» **EXERCISE DATA**:
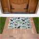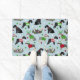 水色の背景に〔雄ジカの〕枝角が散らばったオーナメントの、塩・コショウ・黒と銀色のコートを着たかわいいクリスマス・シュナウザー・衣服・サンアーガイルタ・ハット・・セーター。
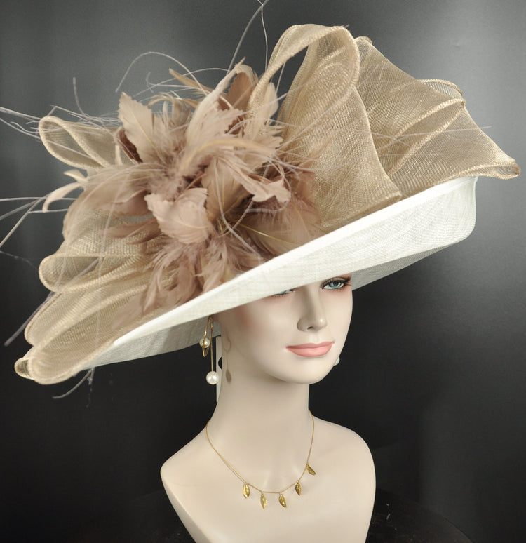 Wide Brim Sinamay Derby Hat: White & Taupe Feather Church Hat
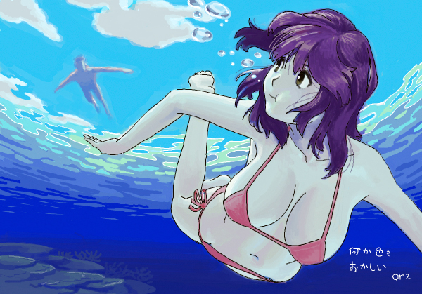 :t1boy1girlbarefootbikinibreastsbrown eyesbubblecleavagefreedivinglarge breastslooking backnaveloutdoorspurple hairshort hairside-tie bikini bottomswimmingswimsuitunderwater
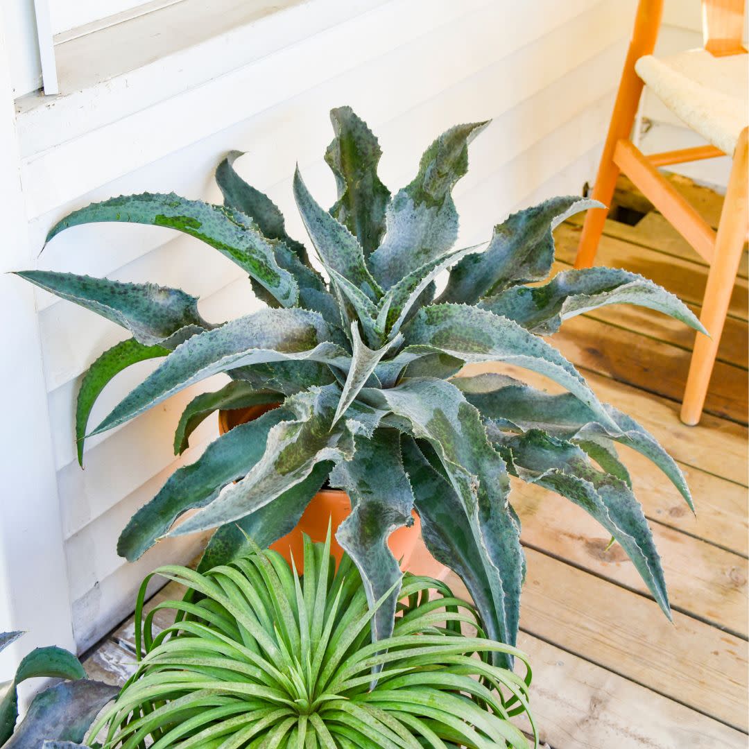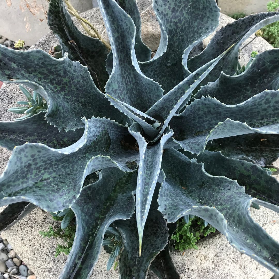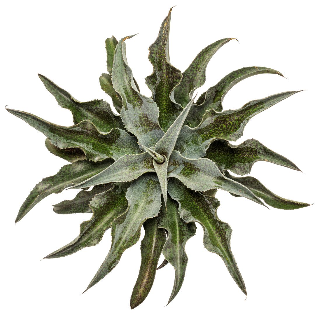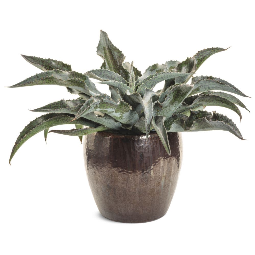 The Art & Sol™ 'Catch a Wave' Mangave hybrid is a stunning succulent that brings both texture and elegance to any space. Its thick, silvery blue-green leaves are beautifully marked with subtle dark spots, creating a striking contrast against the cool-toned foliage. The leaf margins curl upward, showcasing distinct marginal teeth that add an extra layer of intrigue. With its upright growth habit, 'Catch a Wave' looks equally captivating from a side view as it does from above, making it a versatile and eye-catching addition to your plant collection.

» **WHAT YOU HAVE TO DO**:
Give the listing again word for word, but drop every picture.

» **PROBLEM SOLUTION**:
 水色の背景に〔雄ジカの〕枝角が散らばったオーナメントの、塩・コショウ・黒と銀色のコートを着たかわいいクリスマス・シュナウザー・衣服・サンアーガイルタ・ハット・・セーター。
 Wide Brim Sinamay Derby Hat: White & Taupe Feather Church Hat
 :t1boy1girlbarefootbikinibreastsbrown eyesbubblecleavagefreedivinglarge breastslooking backnaveloutdoorspurple hairshort hairside-tie bikini bottomswimmingswimsuitunderwater
 The Art & Sol™ 'Catch a Wave' Mangave hybrid is a stunning succulent that brings both texture and elegance to any space. Its thick, silvery blue-green leaves are beautifully marked with subtle dark spots, creating a striking contrast against the cool-toned foliage. The leaf margins curl upward, showcasing distinct marginal teeth that add an extra layer of intrigue. With its upright growth habit, 'Catch a Wave' looks equally captivating from a side view as it does from above, making it a versatile and eye-catching addition to your plant collection.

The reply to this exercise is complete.